# Assigned task:
Starting at the line that contains "Ακολουθείστε το μονοπάτι", return every line through the end of the data exactly, without pictures.

-*-

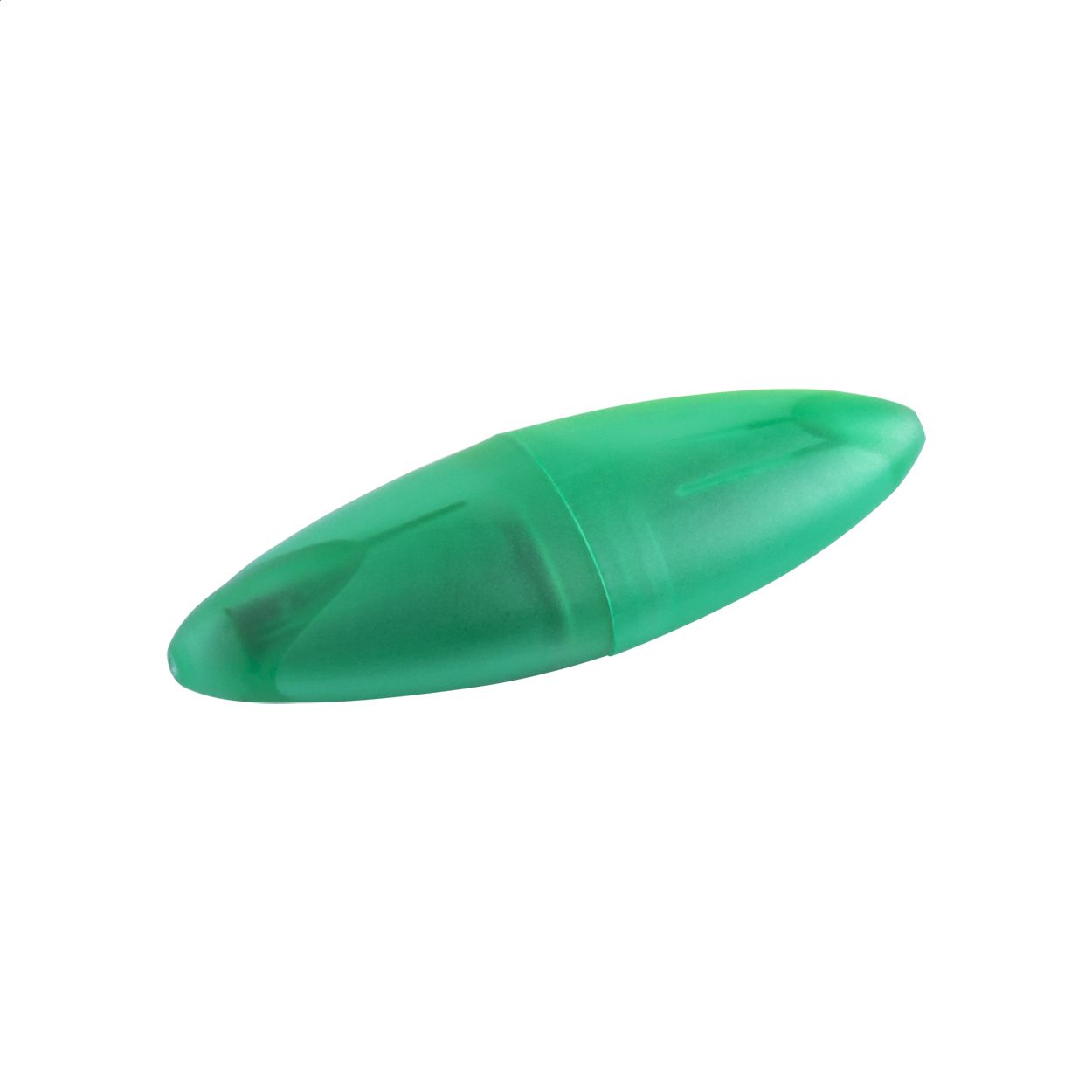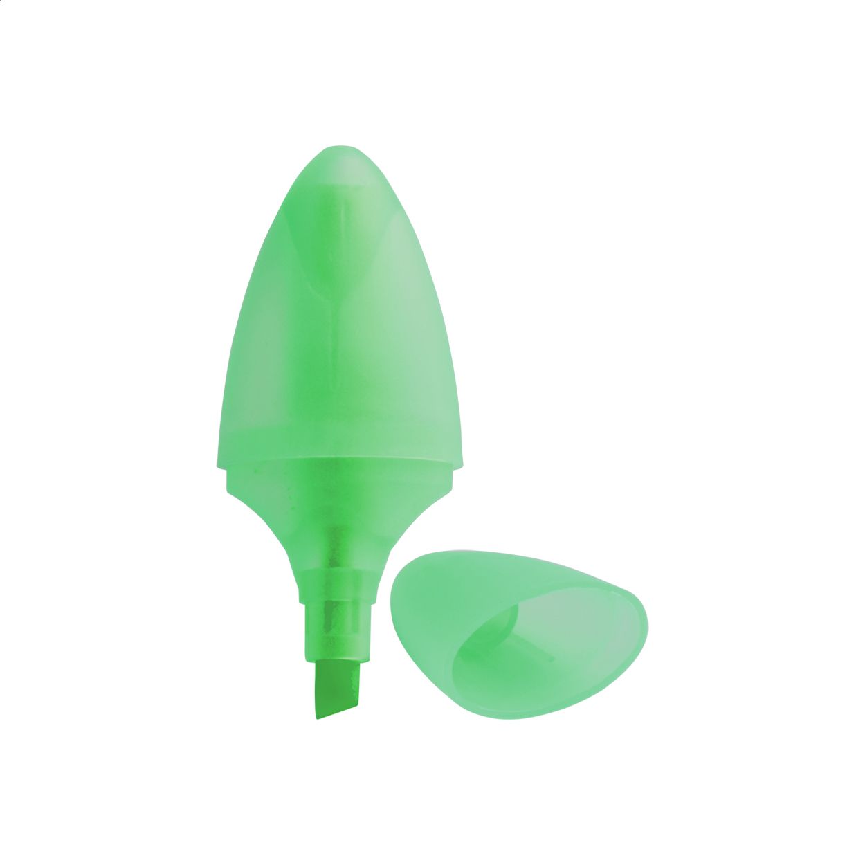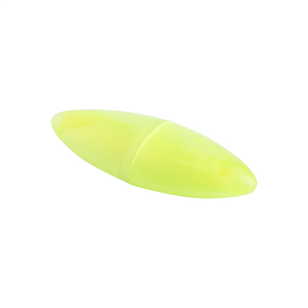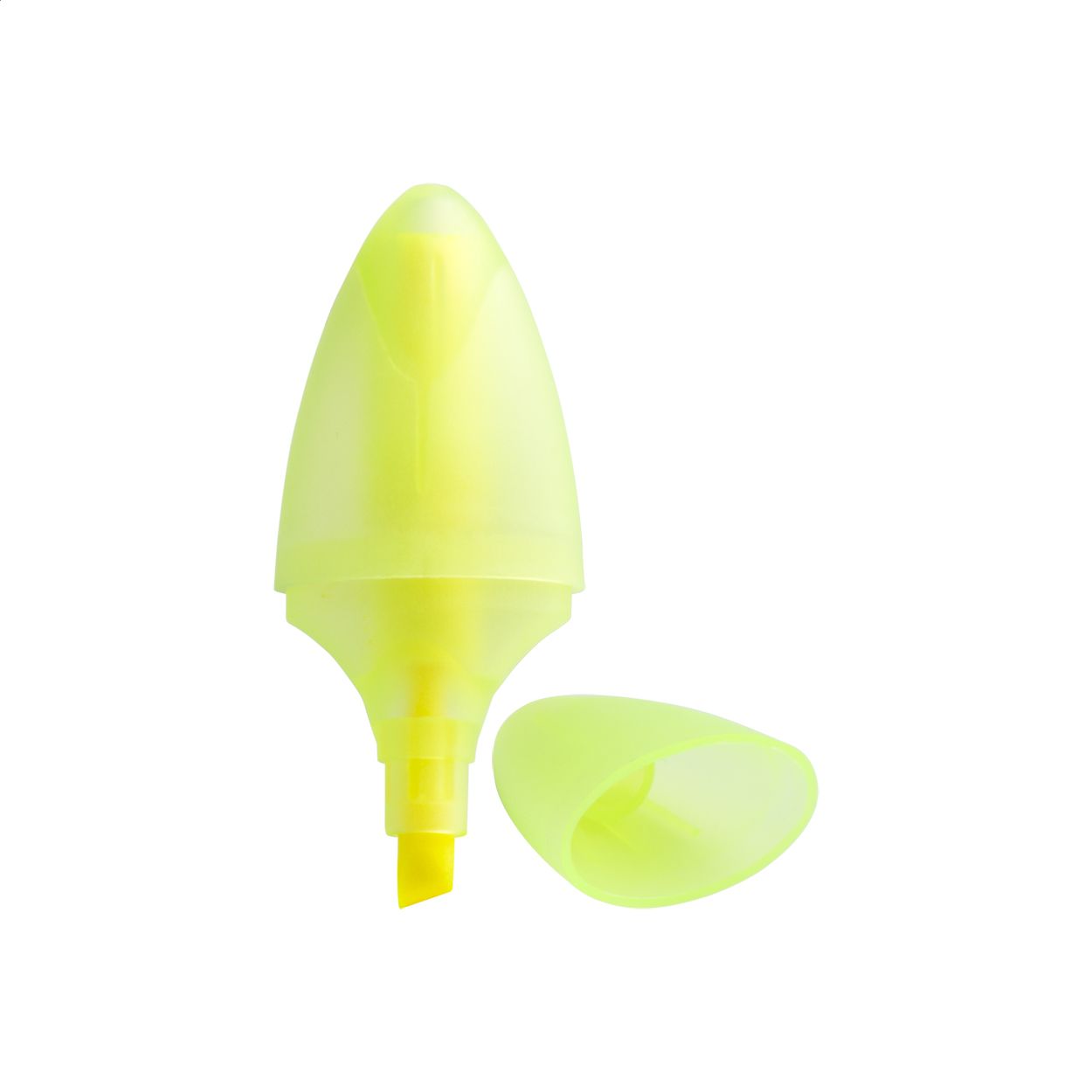 Evidenziatore in plastica traslucida di forma ovale.
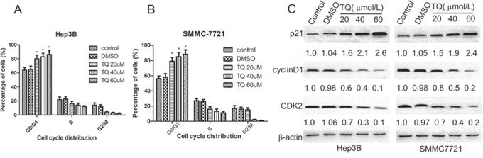 Figure 3: TQ induces G1 phase cell cycle arrest; p21, cylinD1 and CDK2 protein expression in Hep3B and SMMC7721 cells. Cells were incubated with various concentrations of TQ for 48 h. Cell cycle distribution was analyzed by flow cytometry. A. Proportion of cell population in Hep3B; B. cell distribution in SMMC7721. Results are represented as the means ± SE (n = 3), *p < 0.05 vs control and DMSO group. C. Expression of cell cycle-related protein (above-mentioned) and β-actin proteins was determined by western blot analysis.
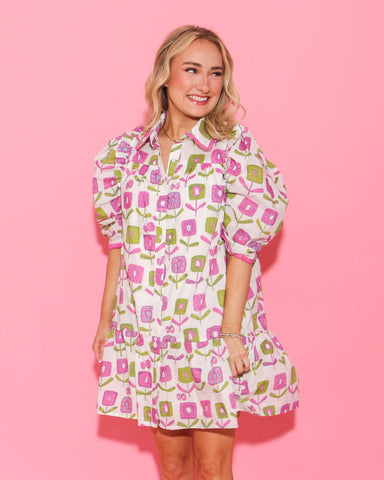 Introducing our Spring Fling Babydoll Dress! This charming dress features a lovely floral print and a ruffle-trimmed high neckline with a notched V...
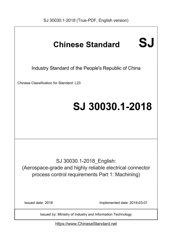 Delivery: <= 4 days. True-PDF full-copy in English will be manually translated and delivered via email. SJ 30030.1-2018: (Aerospace-grade and highly reliable electrical connector process control requirements Part 1: Machining)
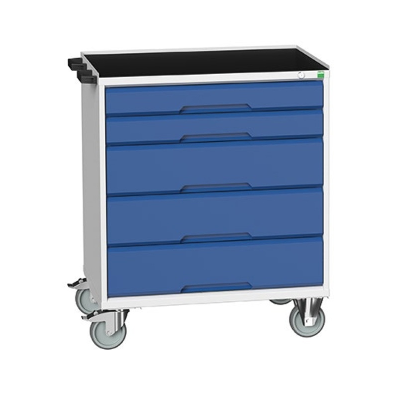 verso mobile drawer cabinet with 5 drawers & top tray with mat. Featuring a robust, fully welded steel housing with push – pull handle, 100% extension drawers with drawer blocking and 125mm diameter castors. Drawer configuration: 2x 100mm, 3x 175mm (50kg U.D.L.). Finished in durable powder coat paint in RAL 7035 light grey / RAL 5010 gentian blue. WxDxH: 800x550x965mm
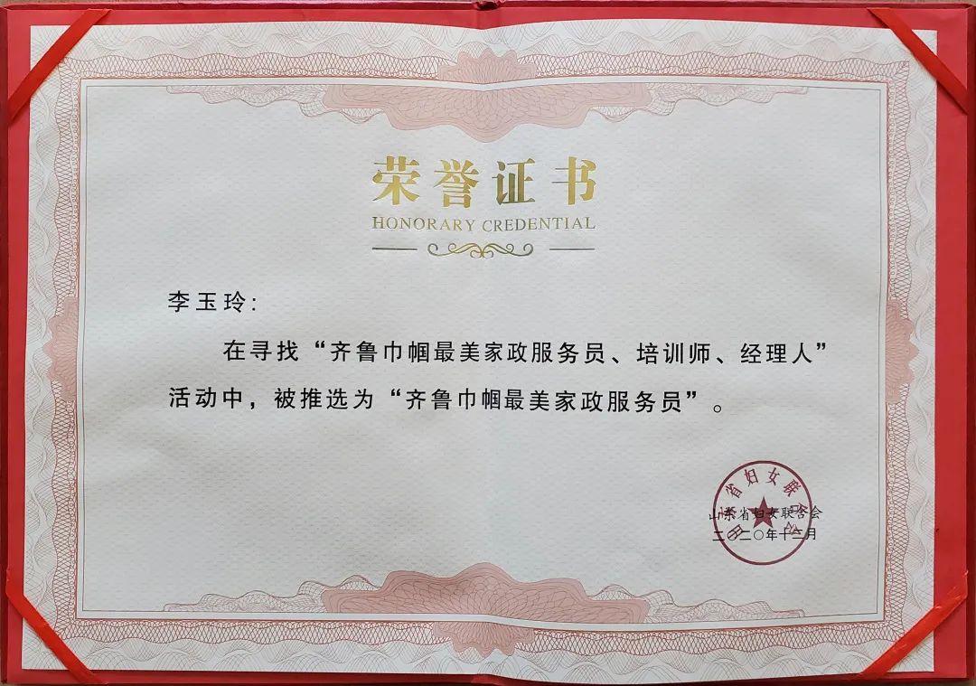 【喜報(bào)】萬(wàn)虹家政:李玉玲榮獲“齊魯巾幗最美家政服務(wù)員”榮譽(yù)
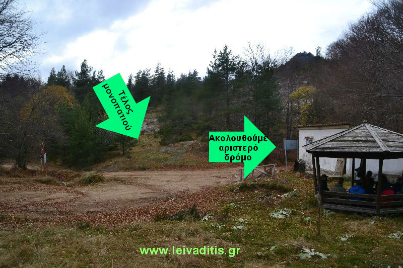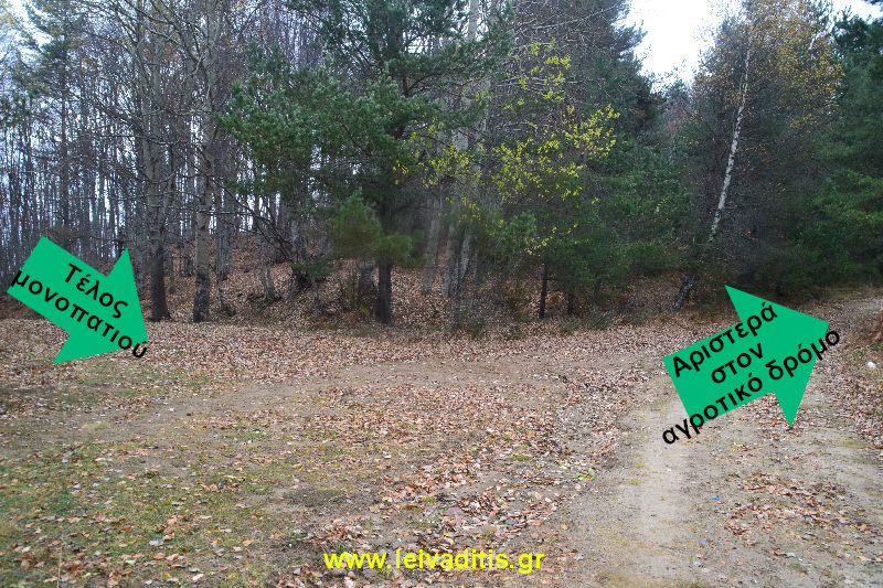 Ακολουθείστε το μονοπάτι λοιπόν που υπάρχει (στην αρχή θα περάσετε και μια δεξαμενή) και αφού περπατήσετε 1.400 μέτρα και σε υψόμετρο 1.485μ.(μετά από 25 λεπτά), το μονοπάτι βγάζει σε νέο χωματόδρομο. Όλη η διαδρομή είναι μέσα σε δάσος οξιάς με πολύ ωραία δροσιά το καλοκαίρι και πλούσιο φύλλωμα το φθινόπωρο και τον χειμώνα πάνω στο μονοπάτι. Μόλις φτάσετε στον δρόμο, στρίβετε αριστερά και περπατάτε για άλλα 300 μέτρα, περίπου 5 λεπτά.
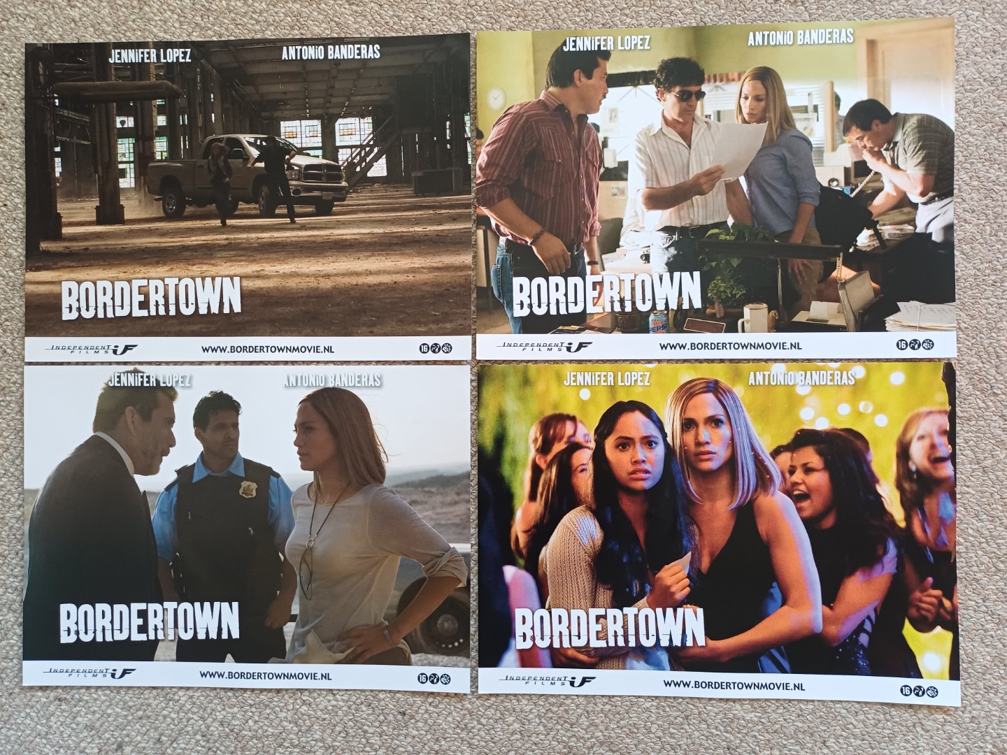 ORIGINELE komplete Nederlandse filmfotoset( bioscoop vitrine foto 's ) van 4 st. in het formaat van 35 x 25 cm. en in ongebruikte staat.

-*-

# Your solution:
 Ακολουθείστε το μονοπάτι λοιπόν που υπάρχει (στην αρχή θα περάσετε και μια δεξαμενή) και αφού περπατήσετε 1.400 μέτρα και σε υψόμετρο 1.485μ.(μετά από 25 λεπτά), το μονοπάτι βγάζει σε νέο χωματόδρομο. Όλη η διαδρομή είναι μέσα σε δάσος οξιάς με πολύ ωραία δροσιά το καλοκαίρι και πλούσιο φύλλωμα το φθινόπωρο και τον χειμώνα πάνω στο μονοπάτι. Μόλις φτάσετε στον δρόμο, στρίβετε αριστερά και περπατάτε για άλλα 300 μέτρα, περίπου 5 λεπτά.
 ORIGINELE komplete Nederlandse filmfotoset( bioscoop vitrine foto 's ) van 4 st. in het formaat van 35 x 25 cm. en in ongebruikte staat.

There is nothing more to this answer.